# [ABOUT THIS EXERCISE]
Omitting all pictures, copy word for word the lines from the line containing "Featuring clean curves" through the final line of the entries.

+++ RECORDS TO USE

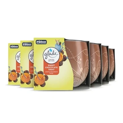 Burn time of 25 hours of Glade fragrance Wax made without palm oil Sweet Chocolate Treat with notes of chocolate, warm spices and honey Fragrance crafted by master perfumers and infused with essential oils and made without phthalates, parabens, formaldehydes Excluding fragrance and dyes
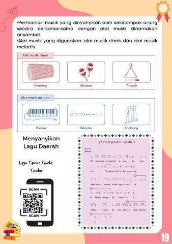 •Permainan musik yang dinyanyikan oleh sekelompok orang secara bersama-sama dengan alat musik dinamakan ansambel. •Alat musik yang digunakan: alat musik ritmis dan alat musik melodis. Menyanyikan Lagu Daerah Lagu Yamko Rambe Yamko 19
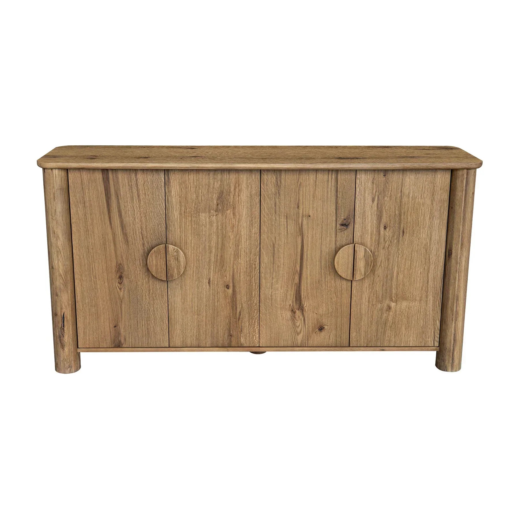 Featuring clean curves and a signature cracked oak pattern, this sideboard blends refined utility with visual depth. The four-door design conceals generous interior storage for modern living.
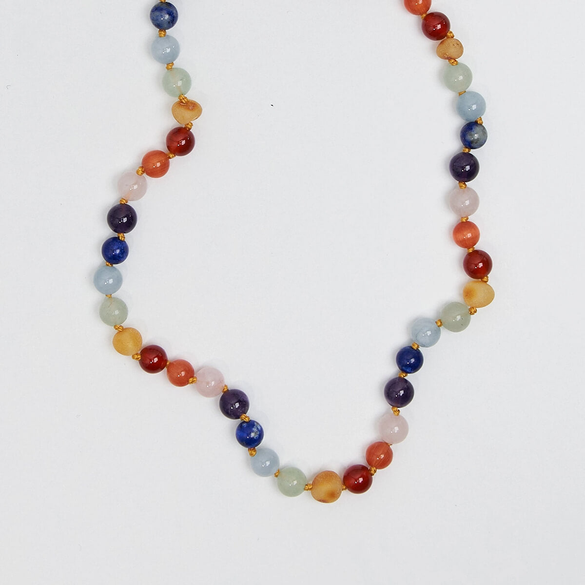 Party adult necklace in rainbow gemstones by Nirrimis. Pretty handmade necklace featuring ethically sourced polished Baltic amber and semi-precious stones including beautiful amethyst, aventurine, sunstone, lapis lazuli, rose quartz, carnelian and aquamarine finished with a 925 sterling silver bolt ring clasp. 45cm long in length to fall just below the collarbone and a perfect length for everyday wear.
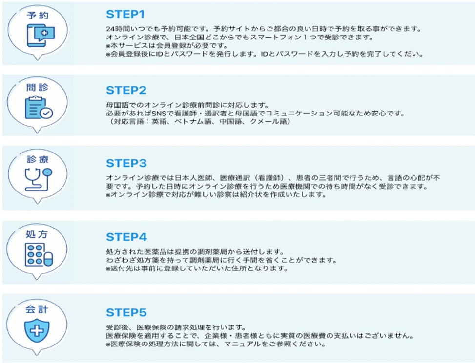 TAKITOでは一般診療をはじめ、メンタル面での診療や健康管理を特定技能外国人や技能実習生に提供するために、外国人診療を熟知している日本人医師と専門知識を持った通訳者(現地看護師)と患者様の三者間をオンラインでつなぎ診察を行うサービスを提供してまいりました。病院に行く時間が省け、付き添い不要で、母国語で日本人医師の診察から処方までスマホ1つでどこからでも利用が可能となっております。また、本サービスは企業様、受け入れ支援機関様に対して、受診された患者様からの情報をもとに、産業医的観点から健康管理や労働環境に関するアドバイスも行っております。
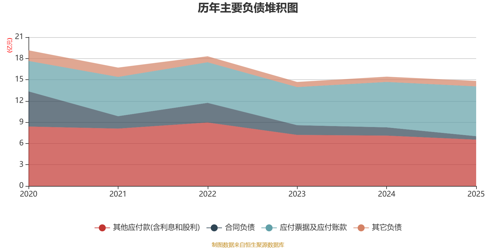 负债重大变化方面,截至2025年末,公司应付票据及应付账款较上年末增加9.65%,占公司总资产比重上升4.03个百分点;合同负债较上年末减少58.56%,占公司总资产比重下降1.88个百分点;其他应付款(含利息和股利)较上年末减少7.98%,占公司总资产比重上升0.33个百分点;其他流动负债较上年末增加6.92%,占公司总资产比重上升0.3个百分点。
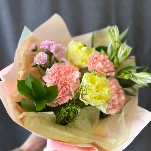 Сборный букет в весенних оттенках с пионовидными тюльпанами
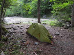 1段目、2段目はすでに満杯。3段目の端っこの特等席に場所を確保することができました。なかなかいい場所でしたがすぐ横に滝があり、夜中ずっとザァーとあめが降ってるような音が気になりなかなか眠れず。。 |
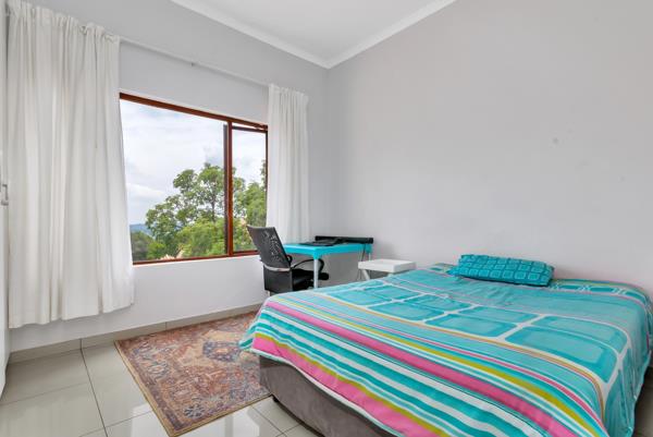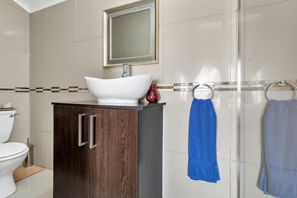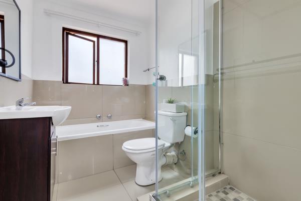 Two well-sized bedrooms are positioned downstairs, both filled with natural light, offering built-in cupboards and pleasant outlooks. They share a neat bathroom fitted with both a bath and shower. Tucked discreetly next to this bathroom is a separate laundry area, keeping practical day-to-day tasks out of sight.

++++++

# [RESULT OF THE TASK]
 Featuring clean curves and a signature cracked oak pattern, this sideboard blends refined utility with visual depth. The four-door design conceals generous interior storage for modern living.
 Party adult necklace in rainbow gemstones by Nirrimis. Pretty handmade necklace featuring ethically sourced polished Baltic amber and semi-precious stones including beautiful amethyst, aventurine, sunstone, lapis lazuli, rose quartz, carnelian and aquamarine finished with a 925 sterling silver bolt ring clasp. 45cm long in length to fall just below the collarbone and a perfect length for everyday wear.
 TAKITOでは一般診療をはじめ、メンタル面での診療や健康管理を特定技能外国人や技能実習生に提供するために、外国人診療を熟知している日本人医師と専門知識を持った通訳者(現地看護師)と患者様の三者間をオンラインでつなぎ診察を行うサービスを提供してまいりました。病院に行く時間が省け、付き添い不要で、母国語で日本人医師の診察から処方までスマホ1つでどこからでも利用が可能となっております。また、本サービスは企業様、受け入れ支援機関様に対して、受診された患者様からの情報をもとに、産業医的観点から健康管理や労働環境に関するアドバイスも行っております。
 负债重大变化方面,截至2025年末,公司应付票据及应付账款较上年末增加9.65%,占公司总资产比重上升4.03个百分点;合同负债较上年末减少58.56%,占公司总资产比重下降1.88个百分点;其他应付款(含利息和股利)较上年末减少7.98%,占公司总资产比重上升0.33个百分点;其他流动负债较上年末增加6.92%,占公司总资产比重上升0.3个百分点。
 Сборный букет в весенних оттенках с пионовидными тюльпанами
 1段目、2段目はすでに満杯。3段目の端っこの特等席に場所を確保することができました。なかなかいい場所でしたがすぐ横に滝があり、夜中ずっとザァーとあめが降ってるような音が気になりなかなか眠れず。。 |
 Two well-sized bedrooms are positioned downstairs, both filled with natural light, offering built-in cupboards and pleasant outlooks. They share a neat bathroom fitted with both a bath and shower. Tucked discreetly next to this bathroom is a separate laundry area, keeping practical day-to-day tasks out of sight.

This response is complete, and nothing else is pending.